In this paper, we also define a criterion on the convergence of \(\pi \) to 0 under which the general asymptotic value exists in stochastic games. For the asymptotic approach, our theorem generalizes the two aforementioned results. In addition, we provide an example which shows first that our result is tight, and second that the result of Renault and Venel (2012) cannot be extended to the Two-Player Case. We also show that for absorbing games with compact action sets and separately continuous transition and payoff functions, a sufficient condition under which \((v_{\pi })\) converges is that \(\sup _{m \ge 1} \pi _m\) goes to 0 (when the action sets are finite, a sketch of proof for this last result is written in Cardaliaguet et al. 2012). As for the uniform approach, we provide an example of absorbing game which shows that there is no natural way to relax the decreasing assumption on the weights.

The paper is organized as follows. Section 2 presents the model of stochastic games and some basic concepts. Section 3 deals with the asymptotic approach, and Sect. 4 presents the uniform approach.

3 Generalities

3.1 Model of stochastic game

A stochastic game \({\varGamma }\) is defined by:

  • A state space K,

  • An action set I (resp. J) for Player 1 (resp. 2),

  • A payoff function \(g:K \times I \times J \rightarrow [0,1]\),

  • A transition function \(q:K \times I \times J \rightarrow {\varDelta }(K)\).

Except in Sect. 3.2, we assume that KIJ are (nonempty) finite sets.

The initial state is \(k_1 \in K\), and the stochastic game \({\varGamma }^{k_1}\) which starts in \(k_1\) proceeds as follows. At each stage \(m \ge 1\), both players choose simultaneously and independently an action, \(i_m \in I\) (resp. \(j_m \in J\)) for Player 1 (resp. 2). The payoff at stage m is \(g_m:=g(k_m,i_m,j_m)\). The state \(k_{m+1}\) of stage \(m+1\) is drawn from the probability distribution \(q(k_m,i_m,j_m)\). Then \((k_{m+1},i_m,j_m)\) is publicly announced to both players.

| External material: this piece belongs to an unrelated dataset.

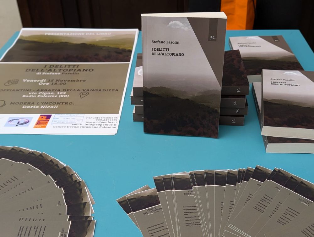 Badia Polesine (RO) – La partecipazione calorosa della cittadinanza ha decretato il successo della presentazione de “I delitti dell’Altopiano”, romanzo d’esordio di Stefano Fasolin, noto avvocato badiese, avvenuta venerdì 15 novembre, all’Abbazia della Vangadizza. In un’atmosfera informale e quasi familiare, con la Sala Soffiantini straripante di persone, alcune che avevano già letto il libro e ne hanno riportato le impressioni, hanno condotto la conversazione con l’autore, Miriam Rossi dell’Associazione Comete e il giornalista Dario Nicoli.

The set of all possible histories before stage m is \(H_m:=(K \times I \times J)^{m-1} \times K\). A behavioral strategy for Player 1 (resp. 2) is a mapping \(\sigma :\cup _{m \ge 1} H_m \rightarrow {\varDelta }(I)\) (resp. \(\tau :\cup _{m \ge 1} H_m \rightarrow {\varDelta }(J)\)). The set of all behavioral strategies for Player 1 (resp. 2) is denoted by \({\varSigma }\) (resp. \({\mathcal {T}}\)).

A pure strategy for Player 1 (resp. 2) is a mapping \(\sigma :\cup _{m \ge 1} H_m \rightarrow I\) (resp. \(\tau :\cup _{m \ge 1} H_m \rightarrow J\)).

A Markov strategy is a strategy that depends only on the current stage and state. A Markov strategy for Player 1 (resp. 2) can be assimilated to a mapping from \(\mathbb {N}^* \times K\) to \({\varDelta }(I)\) (resp. \({\varDelta }(J)\)).

A stationary strategy is a strategy that depends only on the current state. A stationary strategy for Player 1 (resp. 2) can be assimilated to a mapping from K to \({\varDelta }(I)\) (resp. \({\varDelta }(J)\)).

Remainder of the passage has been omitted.